(Beginning of DATA UNDER STUDY)

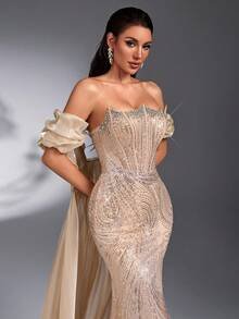 Modular Couture & Champagne Radiance The SD3203 Luxury Formal Gown is a versatile masterpiece that offers two distinct high-fashion looks in one. Featuring a detachable 2-piece design, this gown allows you to transition from a high-drama trailing ensemble to a sleek mermaid silhouette. The sophisticated champagne hue provides a soft, luxurious glow that is timelessly elegant for any elite evening affair.
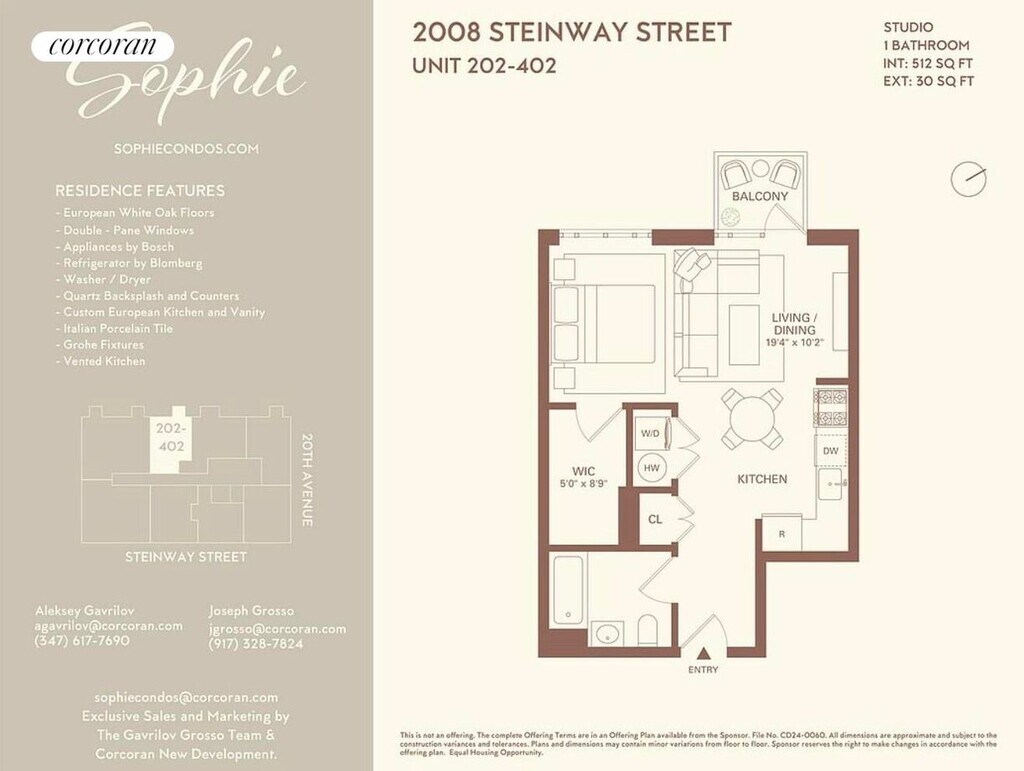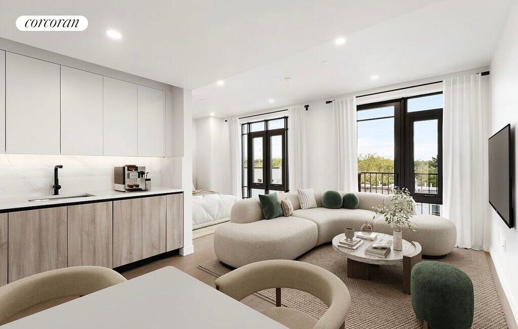 This elegantly designed 512 square foot studio condominium residence offers a private balcony and western exposures. This stunning unit features floor-to-ceiling oversized windows, wide-plank white oak flooring throughout, recessed lighting, high ceilings above 8', and an in-unit washer and dryer.Each studio residence also includes a custom closet system featuring custom European cabinetry, quartz waterfall countertops and backsplashes, Grohe fixtures, and premium stainless-steel Bosch appliances, including a Blomberg refrigerator that opens perfectly into a gracious living, dining, and sleeping area saturated with natural light and offering a private balcony. The bathroom is designed for ultimate relaxation with sophisticated elements including European porcelain tile, custom vanities, chic lighting, and premium Grohe fixtures.Sophie Condominium is a collection of 24 newly constructed condominiums. Curated amenities include a landscaped roof deck with skyline views, rear yard with manicured plantings and benches, fitness center, bike storage, and a virtual doorman. Experience the benefits of clean energy - installed solar panels.This is more than a studio-it's an elevated lifestyle.To move in 1st month's rent and 1 month deposit. Application fee $20 for credit check.
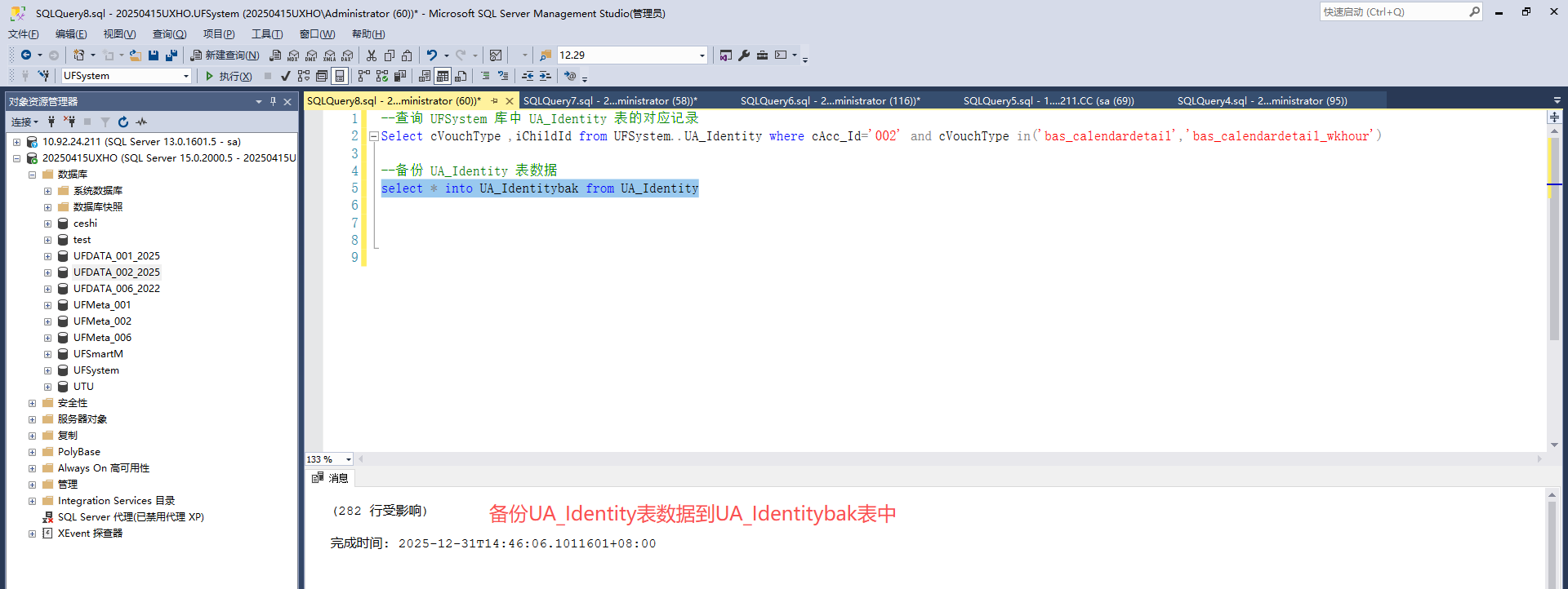 (创建备份表 UA_Identitybak,防止更新操作出错后可恢复原始数据)。
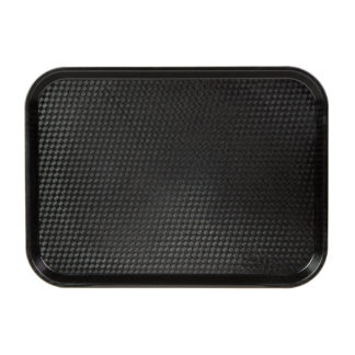 A non-skid surface on the Cambro 2900CT110 Camtread serving tray keeps glasses in place during transport. The tray is made of heavy-duty fiberglass. It can be washed in the dishmachine and comes in black satin.
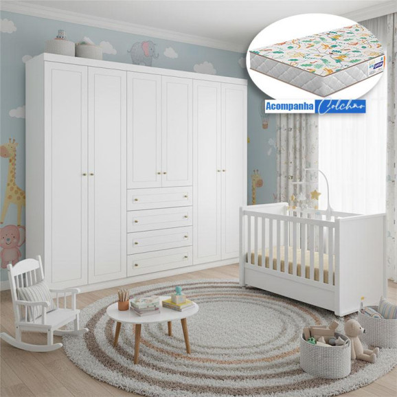 Berço Tutto New com Guarda Roupa Americano Ambiente 6 Portas Branco Fosco e Colchão Gazin - Matic
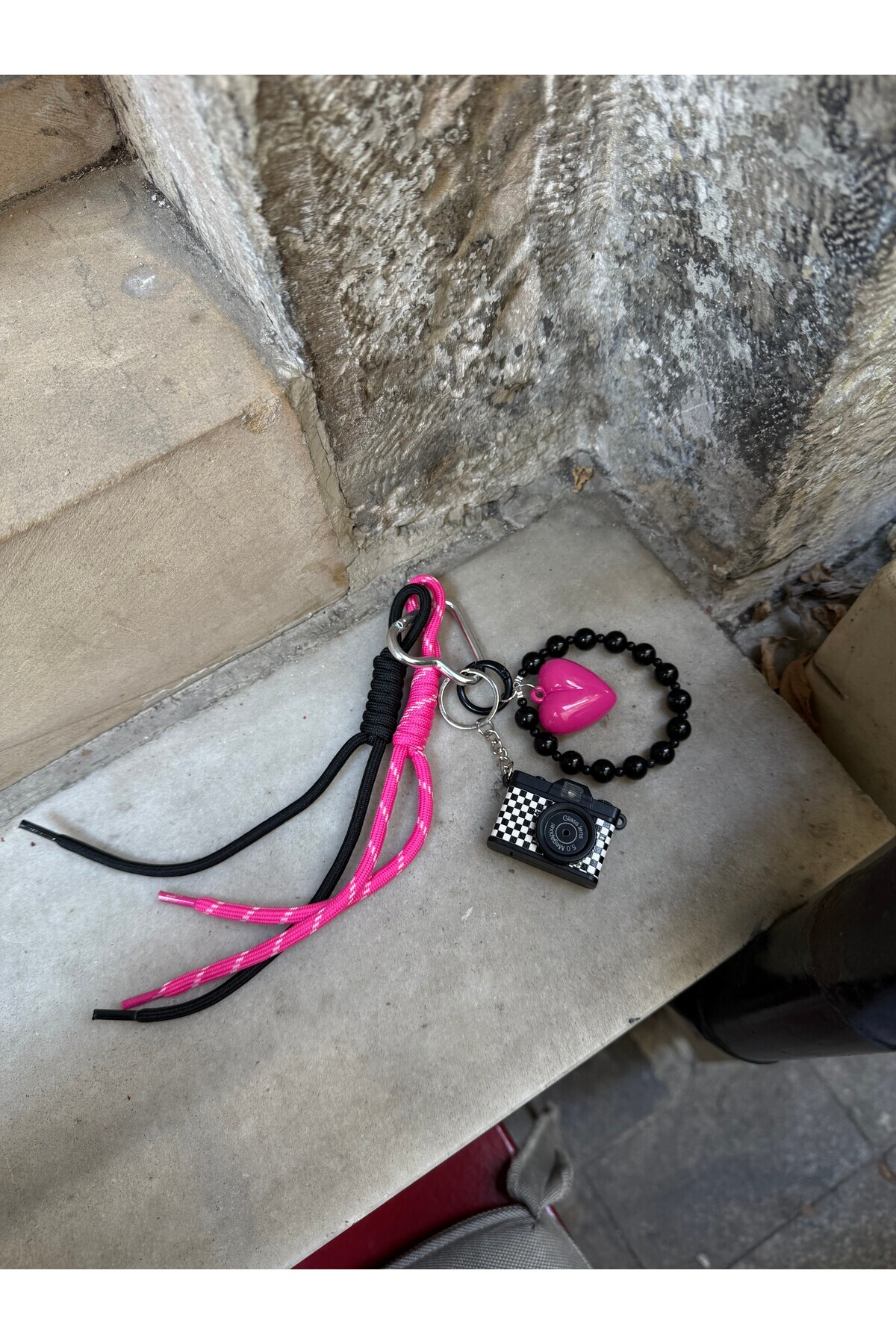 Karabina Detaylı Flaş Işıklı ve Sesli Fotoğraf Makinesi Kalp İp Sarkıtlı Çanta Charm Anahtarlık

(End of DATA UNDER STUDY)

#### [EXERCISE DESCRIPTION]
Write out the records above exactly. Pictures do not belong in the copy.

#### [SOLUTION FOR THIS EXERCISE]
 Modular Couture & Champagne Radiance The SD3203 Luxury Formal Gown is a versatile masterpiece that offers two distinct high-fashion looks in one. Featuring a detachable 2-piece design, this gown allows you to transition from a high-drama trailing ensemble to a sleek mermaid silhouette. The sophisticated champagne hue provides a soft, luxurious glow that is timelessly elegant for any elite evening affair.
 This elegantly designed 512 square foot studio condominium residence offers a private balcony and western exposures. This stunning unit features floor-to-ceiling oversized windows, wide-plank white oak flooring throughout, recessed lighting, high ceilings above 8', and an in-unit washer and dryer.Each studio residence also includes a custom closet system featuring custom European cabinetry, quartz waterfall countertops and backsplashes, Grohe fixtures, and premium stainless-steel Bosch appliances, including a Blomberg refrigerator that opens perfectly into a gracious living, dining, and sleeping area saturated with natural light and offering a private balcony. The bathroom is designed for ultimate relaxation with sophisticated elements including European porcelain tile, custom vanities, chic lighting, and premium Grohe fixtures.Sophie Condominium is a collection of 24 newly constructed condominiums. Curated amenities include a landscaped roof deck with skyline views, rear yard with manicured plantings and benches, fitness center, bike storage, and a virtual doorman. Experience the benefits of clean energy - installed solar panels.This is more than a studio-it's an elevated lifestyle.To move in 1st month's rent and 1 month deposit. Application fee $20 for credit check.
 (创建备份表 UA_Identitybak,防止更新操作出错后可恢复原始数据)。
 A non-skid surface on the Cambro 2900CT110 Camtread serving tray keeps glasses in place during transport. The tray is made of heavy-duty fiberglass. It can be washed in the dishmachine and comes in black satin.
 Berço Tutto New com Guarda Roupa Americano Ambiente 6 Portas Branco Fosco e Colchão Gazin - Matic
 Karabina Detaylı Flaş Işıklı ve Sesli Fotoğraf Makinesi Kalp İp Sarkıtlı Çanta Charm Anahtarlık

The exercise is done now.